Pull out of the data below the stretch of lines bounded by the one containing "复古工装大容量书包女韩版高中学生初中生撞色双肩包男旅行背包" and the one containing "besar a ambos.", both bounds included, unchanged.
Provided records: Begin
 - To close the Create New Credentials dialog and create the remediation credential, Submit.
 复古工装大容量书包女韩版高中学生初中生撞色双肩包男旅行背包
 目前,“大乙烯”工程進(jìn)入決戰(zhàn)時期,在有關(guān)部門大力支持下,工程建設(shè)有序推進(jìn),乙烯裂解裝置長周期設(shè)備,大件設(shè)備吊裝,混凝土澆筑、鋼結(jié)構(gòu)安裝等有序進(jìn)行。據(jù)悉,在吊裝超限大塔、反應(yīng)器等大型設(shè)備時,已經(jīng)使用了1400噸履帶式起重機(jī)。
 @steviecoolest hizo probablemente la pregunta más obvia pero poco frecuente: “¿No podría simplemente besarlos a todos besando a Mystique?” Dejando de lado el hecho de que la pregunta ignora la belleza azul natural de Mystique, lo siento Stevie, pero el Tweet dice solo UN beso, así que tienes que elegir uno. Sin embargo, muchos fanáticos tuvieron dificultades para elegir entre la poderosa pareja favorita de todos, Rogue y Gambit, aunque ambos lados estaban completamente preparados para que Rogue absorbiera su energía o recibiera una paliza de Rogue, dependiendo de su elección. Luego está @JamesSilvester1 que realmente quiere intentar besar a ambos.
Provided records: End
Provided records: Begin
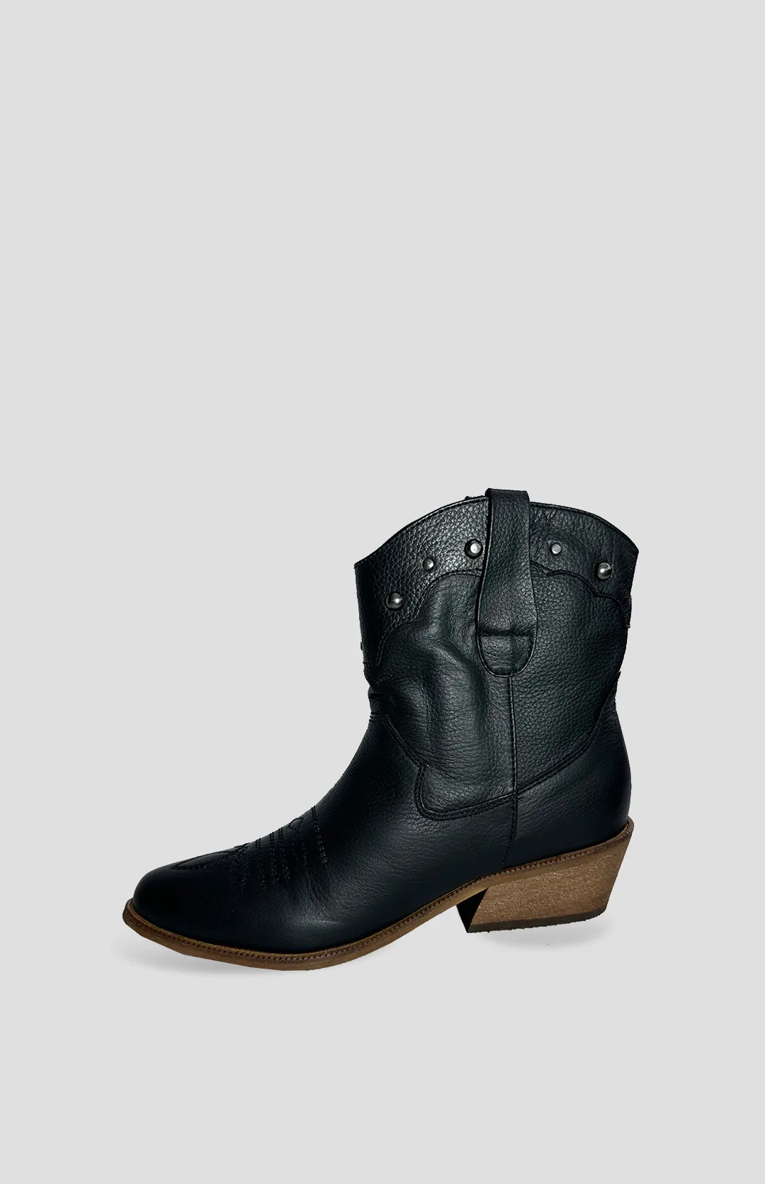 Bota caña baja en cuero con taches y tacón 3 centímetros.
Provided records: End
__Final answer__:
 复古工装大容量书包女韩版高中学生初中生撞色双肩包男旅行背包
 目前,“大乙烯”工程進(jìn)入決戰(zhàn)時期,在有關(guān)部門大力支持下,工程建設(shè)有序推進(jìn),乙烯裂解裝置長周期設(shè)備,大件設(shè)備吊裝,混凝土澆筑、鋼結(jié)構(gòu)安裝等有序進(jìn)行。據(jù)悉,在吊裝超限大塔、反應(yīng)器等大型設(shè)備時,已經(jīng)使用了1400噸履帶式起重機(jī)。
 @steviecoolest hizo probablemente la pregunta más obvia pero poco frecuente: “¿No podría simplemente besarlos a todos besando a Mystique?” Dejando de lado el hecho de que la pregunta ignora la belleza azul natural de Mystique, lo siento Stevie, pero el Tweet dice solo UN beso, así que tienes que elegir uno. Sin embargo, muchos fanáticos tuvieron dificultades para elegir entre la poderosa pareja favorita de todos, Rogue y Gambit, aunque ambos lados estaban completamente preparados para que Rogue absorbiera su energía o recibiera una paliza de Rogue, dependiendo de su elección. Luego está @JamesSilvester1 que realmente quiere intentar besar a ambos.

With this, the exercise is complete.